(LISTED ENTRIES Opens)
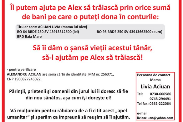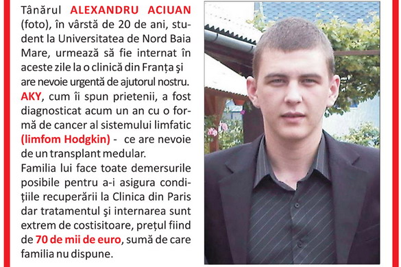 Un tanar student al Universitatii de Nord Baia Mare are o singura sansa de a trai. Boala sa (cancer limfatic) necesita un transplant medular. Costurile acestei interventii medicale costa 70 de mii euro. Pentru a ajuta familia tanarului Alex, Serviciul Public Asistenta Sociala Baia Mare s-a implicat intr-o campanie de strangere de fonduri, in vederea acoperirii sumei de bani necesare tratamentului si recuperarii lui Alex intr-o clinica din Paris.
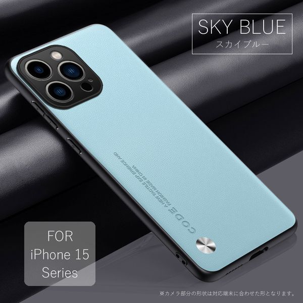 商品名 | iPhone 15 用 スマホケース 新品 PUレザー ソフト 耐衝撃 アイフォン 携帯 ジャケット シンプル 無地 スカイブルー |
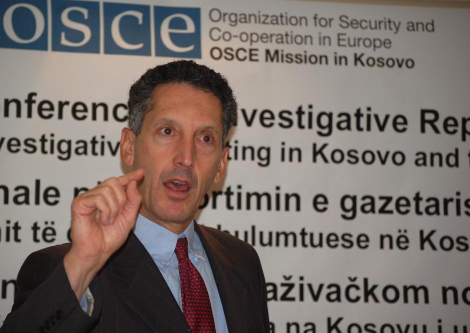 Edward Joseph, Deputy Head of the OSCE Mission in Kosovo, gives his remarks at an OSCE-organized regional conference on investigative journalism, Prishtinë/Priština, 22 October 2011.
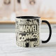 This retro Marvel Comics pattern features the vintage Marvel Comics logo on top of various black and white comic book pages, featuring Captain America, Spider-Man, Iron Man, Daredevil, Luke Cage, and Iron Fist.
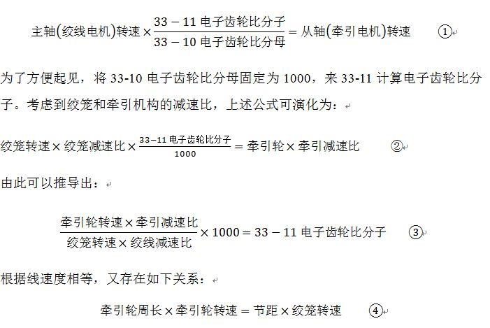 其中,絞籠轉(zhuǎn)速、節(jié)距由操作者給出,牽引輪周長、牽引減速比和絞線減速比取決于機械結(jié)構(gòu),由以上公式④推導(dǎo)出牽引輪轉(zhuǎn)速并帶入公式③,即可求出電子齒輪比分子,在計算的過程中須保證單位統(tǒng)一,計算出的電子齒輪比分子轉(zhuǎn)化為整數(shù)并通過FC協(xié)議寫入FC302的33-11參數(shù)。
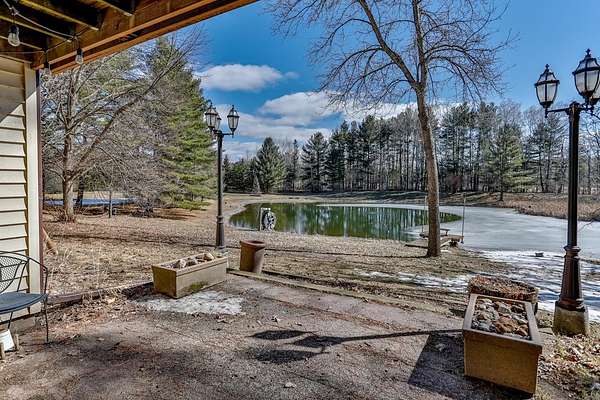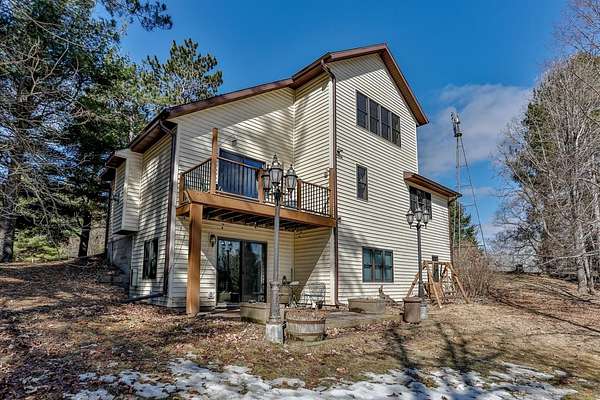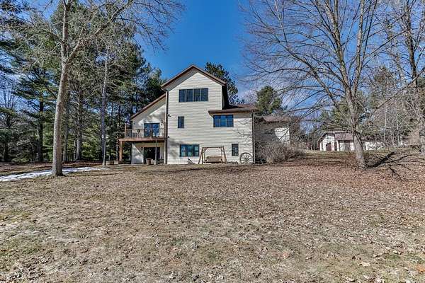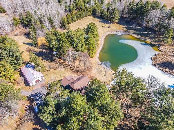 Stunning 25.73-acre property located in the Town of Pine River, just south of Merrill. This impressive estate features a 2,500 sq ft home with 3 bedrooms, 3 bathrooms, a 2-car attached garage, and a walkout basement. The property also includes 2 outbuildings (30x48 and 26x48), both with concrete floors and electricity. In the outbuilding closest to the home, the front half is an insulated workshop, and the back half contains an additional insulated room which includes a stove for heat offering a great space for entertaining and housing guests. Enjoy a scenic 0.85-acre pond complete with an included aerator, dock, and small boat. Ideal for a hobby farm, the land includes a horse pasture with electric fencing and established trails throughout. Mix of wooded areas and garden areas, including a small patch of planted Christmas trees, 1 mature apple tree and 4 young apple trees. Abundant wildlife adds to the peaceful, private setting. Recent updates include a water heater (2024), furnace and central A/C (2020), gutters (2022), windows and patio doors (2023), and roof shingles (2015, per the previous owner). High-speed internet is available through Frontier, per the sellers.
(LISTED ENTRIES Closes)
(LISTED ENTRIES Opens)
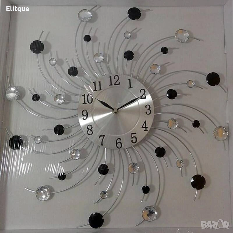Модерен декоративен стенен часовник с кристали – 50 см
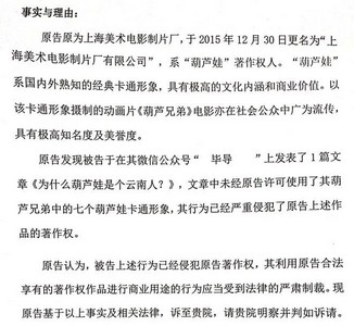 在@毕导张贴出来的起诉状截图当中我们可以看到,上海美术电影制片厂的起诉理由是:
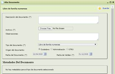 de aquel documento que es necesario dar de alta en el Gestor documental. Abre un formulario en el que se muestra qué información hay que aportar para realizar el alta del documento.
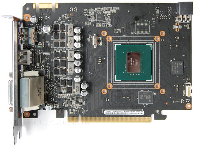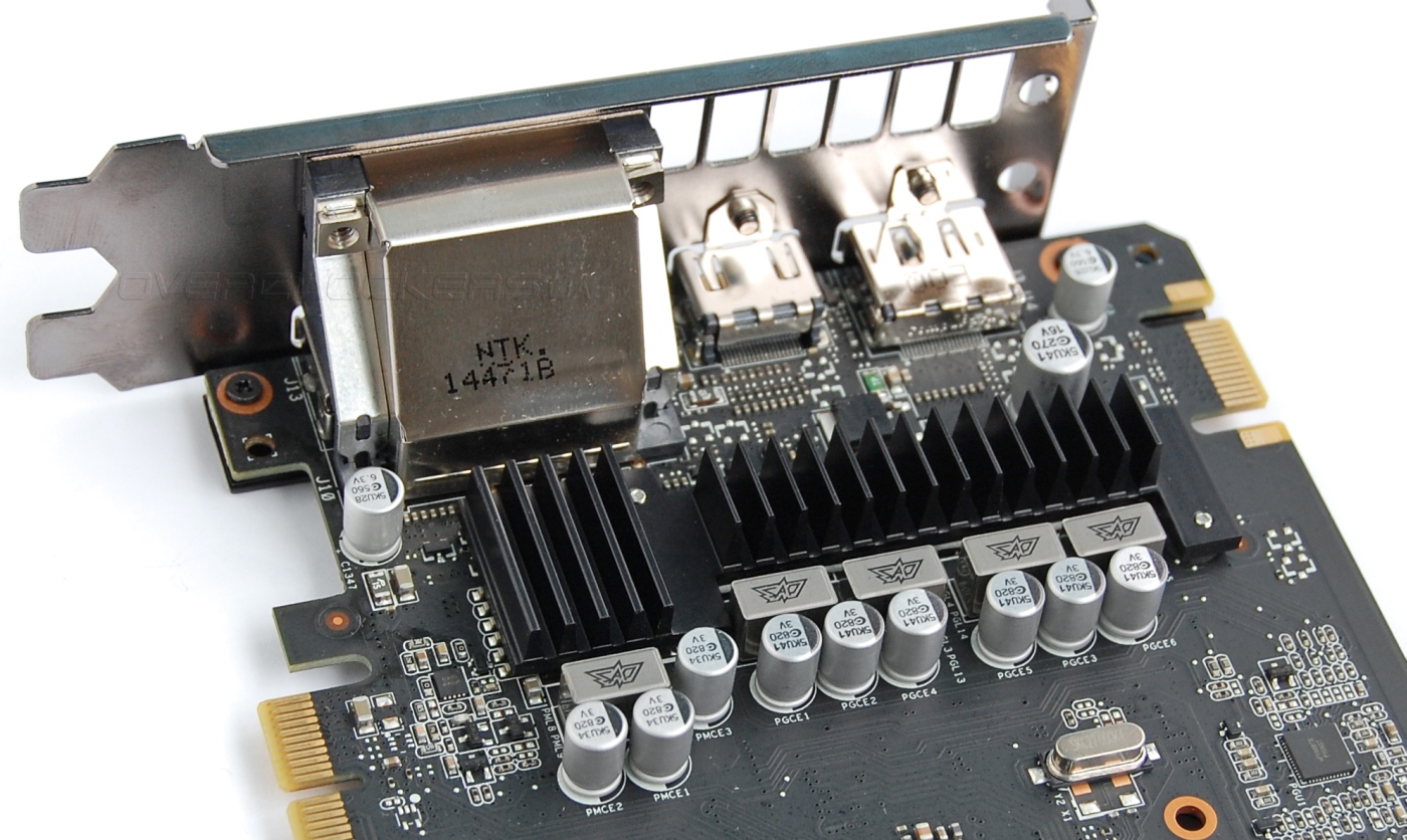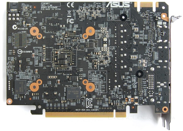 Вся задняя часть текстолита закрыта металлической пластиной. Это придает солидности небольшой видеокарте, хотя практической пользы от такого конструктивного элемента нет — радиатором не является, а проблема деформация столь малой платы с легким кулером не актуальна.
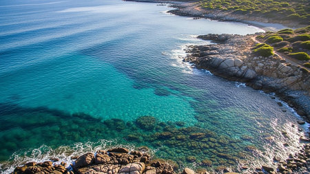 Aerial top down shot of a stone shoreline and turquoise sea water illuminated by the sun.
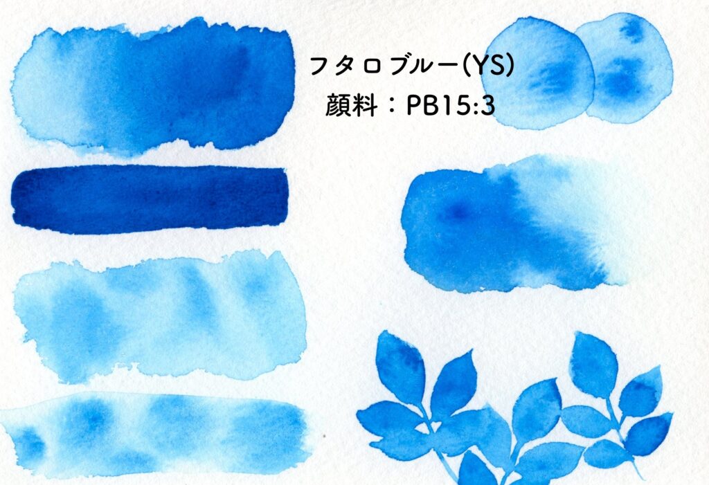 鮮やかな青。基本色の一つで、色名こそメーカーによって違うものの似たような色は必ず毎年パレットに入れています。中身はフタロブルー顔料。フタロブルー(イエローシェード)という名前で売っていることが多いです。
(LISTED ENTRIES Closes)
WORK TASK. What you return from the records above should be exactly everything from the line with "Модерен декоративен стенен" down to the line with "鮮やかな青。基本色の一つで、", both kept, and no pictures.

EXPECTED ANSWER.
Модерен декоративен стенен часовник с кристали – 50 см
 在@毕导张贴出来的起诉状截图当中我们可以看到,上海美术电影制片厂的起诉理由是:
 de aquel documento que es necesario dar de alta en el Gestor documental. Abre un formulario en el que se muestra qué información hay que aportar para realizar el alta del documento.
 Вся задняя часть текстолита закрыта металлической пластиной. Это придает солидности небольшой видеокарте, хотя практической пользы от такого конструктивного элемента нет — радиатором не является, а проблема деформация столь малой платы с легким кулером не актуальна.
 Aerial top down shot of a stone shoreline and turquoise sea water illuminated by the sun.
 鮮やかな青。基本色の一つで、色名こそメーカーによって違うものの似たような色は必ず毎年パレットに入れています。中身はフタロブルー顔料。フタロブルー(イエローシェード)という名前で売っていることが多いです。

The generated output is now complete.